Business actions will continue to be shaped by government priorities. The current administration has talked a good game about facilitating a green industrial revolution but detailed policies remain thin on the ground. Packaging will inevitably remain a key sustainability issue with plastic (rightly or wrongly) maintaining its status as public enemy number one. On that front, 2020 was perhaps understandably a year of snail-like progress on thrashing out the details of key policies like a deposit return scheme (DRS), extended producer responsibility and a plastics tax. Scotland has delayed the introduction of its DRS until July 2022 while The Grocer reports that a DRS in England has now been pushed back to 2024. Meanwhile, those waiting for greater clarity on standards for biodegradable, compostable and bio-based plastics have been kept in the dark now for 14 months and counting.

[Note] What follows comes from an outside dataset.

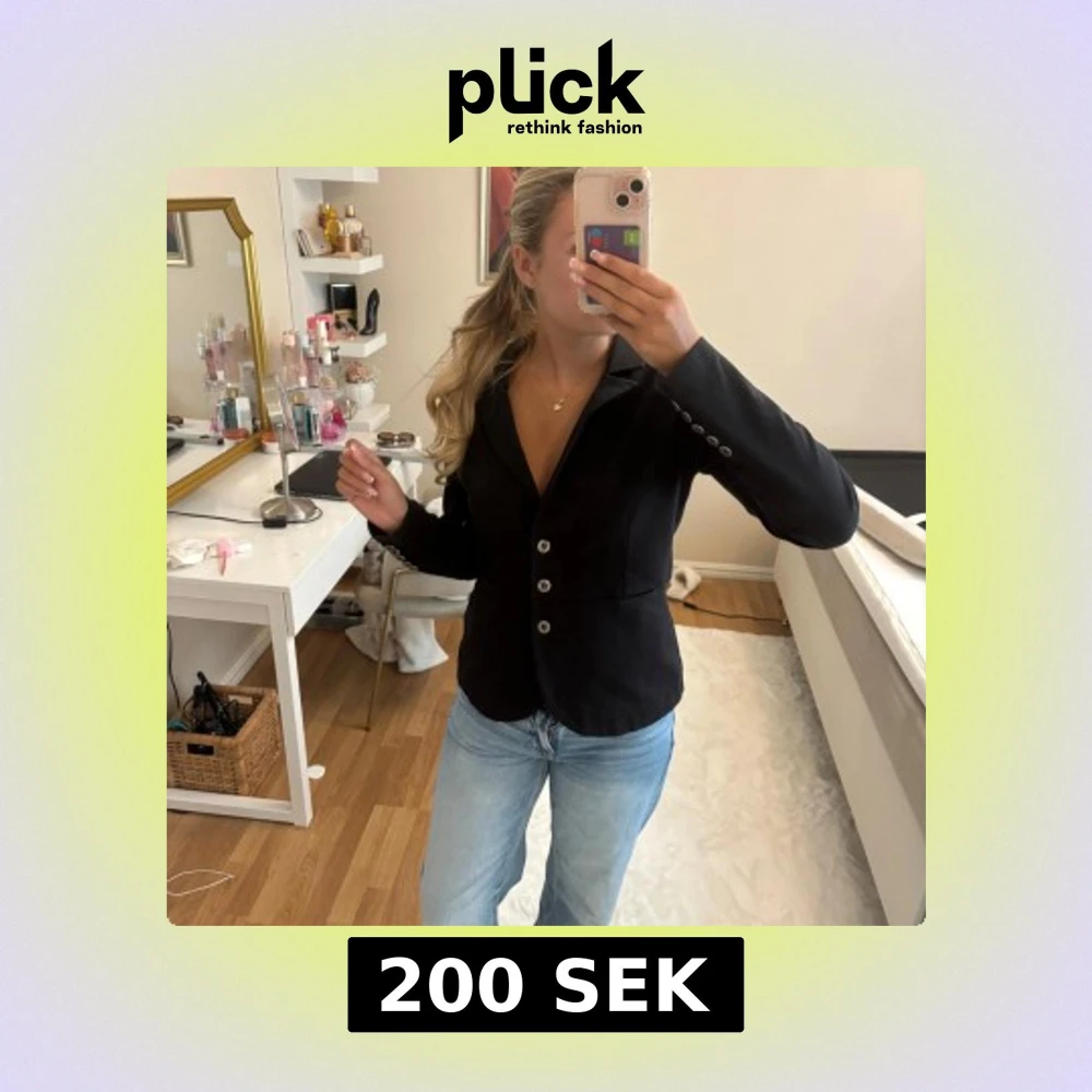 Stilren svart kavaj med tre silverfärgade knappar framtill och klassisk krage. Kavajen har figurnära passform och diskreta fickor på sidorna. Ärmarna pryds av matchande knappar vid mudden. Perfekt för en snygg och enkel look.
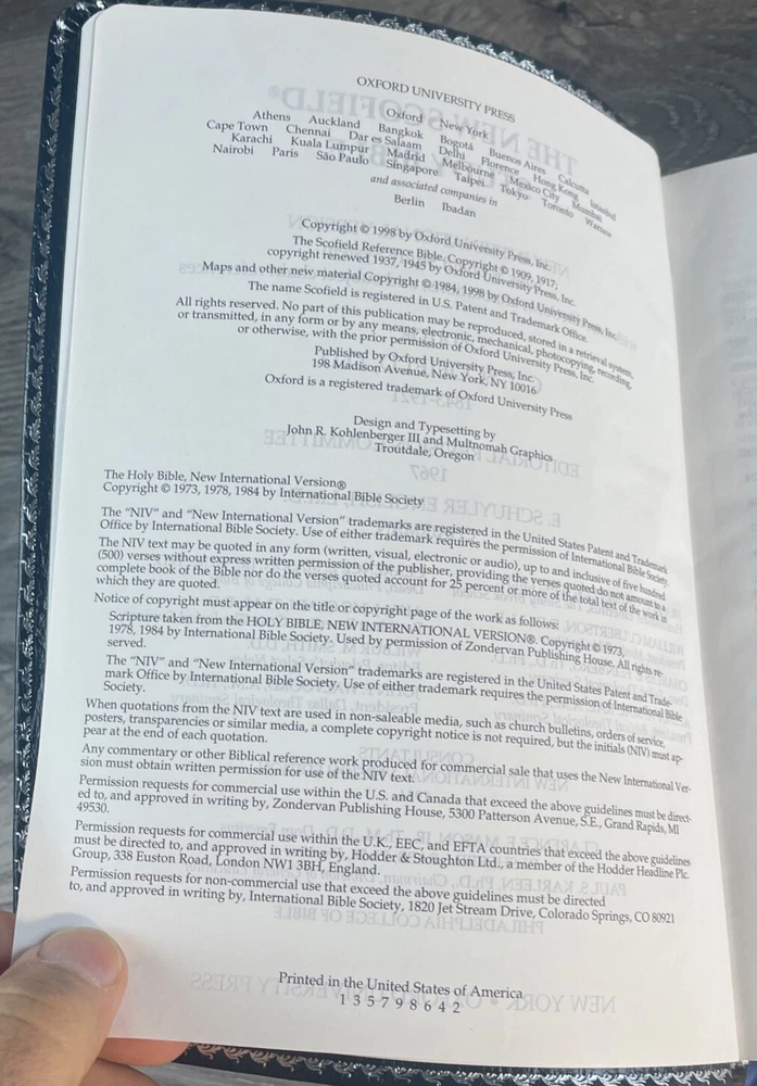 This Bible is absolutely gorgeous—the Berkshire leather feels luxurious, and the silver trim adds a timeless elegance. Despite a few pen underlines and the removed presentation page, it’s in great condition for its age. The Scofield references are incredibly helpful for study, and the 1967 Oxford printing makes it a rare find. Perfect for collectors or anyone who appreciates a classic, well-crafted Bible.

Uncertainty reigns too over the future of nutrition policy with Public Health England due to be wound down in the spring. One of its final acts was to deliver a wholly underwhelming report on sugar reduction which showed negligible progress in the past three years. As a result, and following the success of the soft drinks industry levy, pressure from campaigners for reformulation targets to be made mandatory can be expected to grow.

There is also increasing appetite (based on conversations at Footprint’s recent Responsible Business Recovery Forum on education) among businesses for stronger rules on public sector food procurement that move beyond the current voluntary, piecemeal approach. Public procurement is set to be a key issue addressed in part two of the national food strategy which is due in the spring and promises to spell out a vision for a healthy, sustainable food system. Whether ministers subscribe to that same vision remains to be seen.

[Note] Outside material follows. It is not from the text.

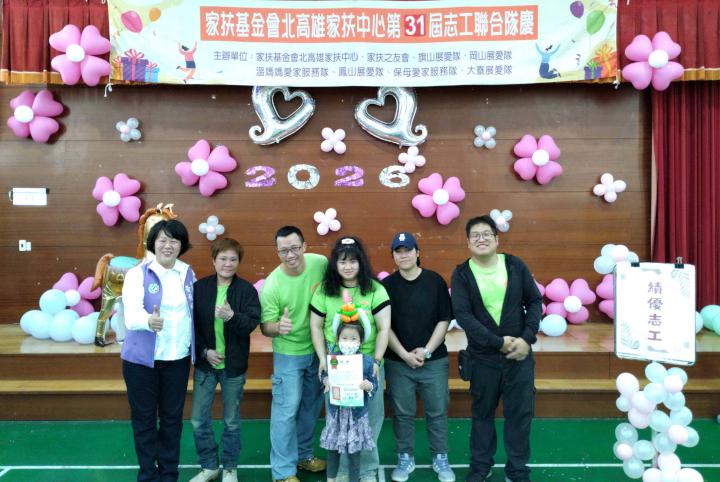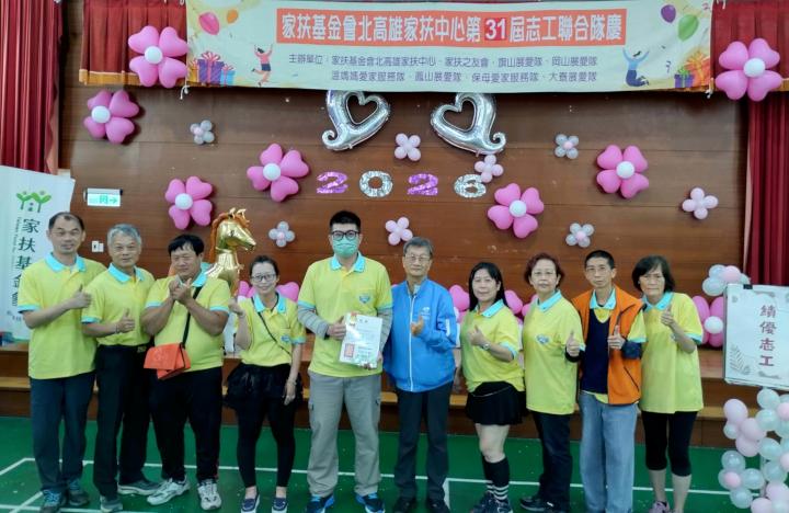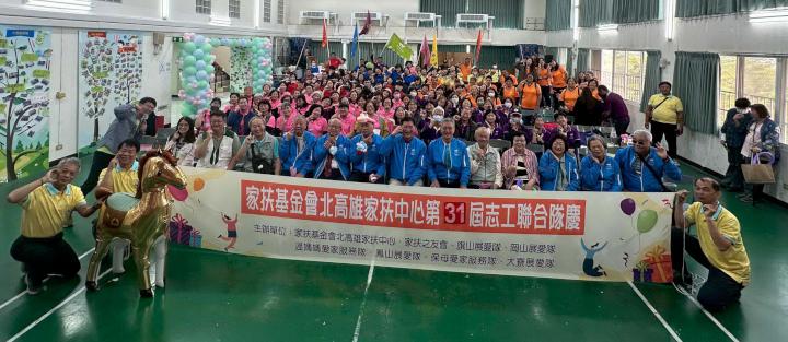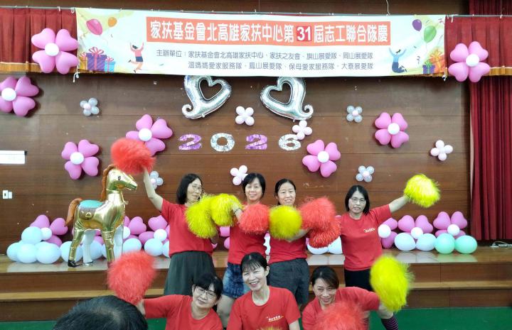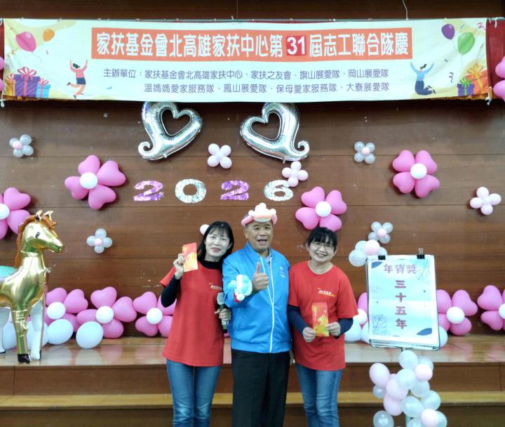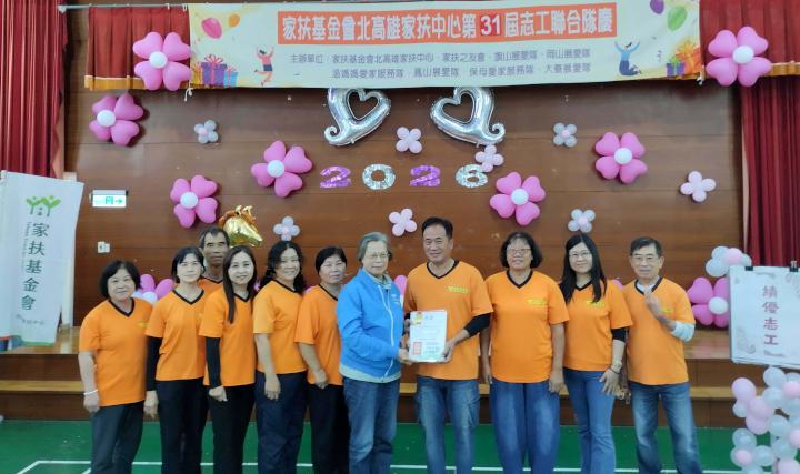 北高雄家扶中心1月18日舉行第31屆志工聯合隊慶暨表揚活動,7志工隊登台獻藝,並穿插趣味活動及慶生儀式,中心主任吳瑞華表揚服務滿3年3人、5年4人、10年3人、15年8人、20年4人、25年9人 、30年2人、35年2人年資獎及年度績優人員、服務滿500小時高市志願服務金銀銅質獎9人、滿1500小時衛生福利志願服務金銀銅質獎6人、滿3000小時全國志願服務銀銅質獎1名人等得主。

Businesses, meanwhile, will continue to respond to changing dietary habits which are increasingly being driven by concerns around health and sustainability. Plant-based eating is once again set to be a defining trend with the majority of major brands, including fast-food giants, adding new vegan and vegetarian products to their menus over the past 12 months.

The recent recommendation from the climate change committee that meat and dairy consumption should fall by 20% by 2035 to align with a net zero ambition is set to strengthen the case for adding more vegetables and grains onto menus; and we can also expect new evidence to emerge on the impacts of different types of meat and dairy production systems and the degree to which they can still form part of a sustainable food system. Producers of processed meat alternatives, meanwhile, should prepare for greater scrutiny of the healthiness of their products amid evidence of some dubious nutritional credentials. Much is also expected of algae, insects and cellular meat as alternatives to traditional livestock proteins – but these will also need to be scrutinised. Those that can afford convenience treats are the lucky ones. The pandemic, lest we forget, has also seen a surge in people experiencing food insecurity. The need for companies to be a force for good in the communities they serve will continue as the impact of a deep and prolonged recession bites. The fact that foodservice businesses, denied a market for their products, almost universally found innovative ways to get surplus food to those in need at the start of lockdown speaks volumes about both the agility and responsibility of the sector. Those qualities will be needed in bucket loads as businesses prepare to face the unprecedented challenges 2021 has in store.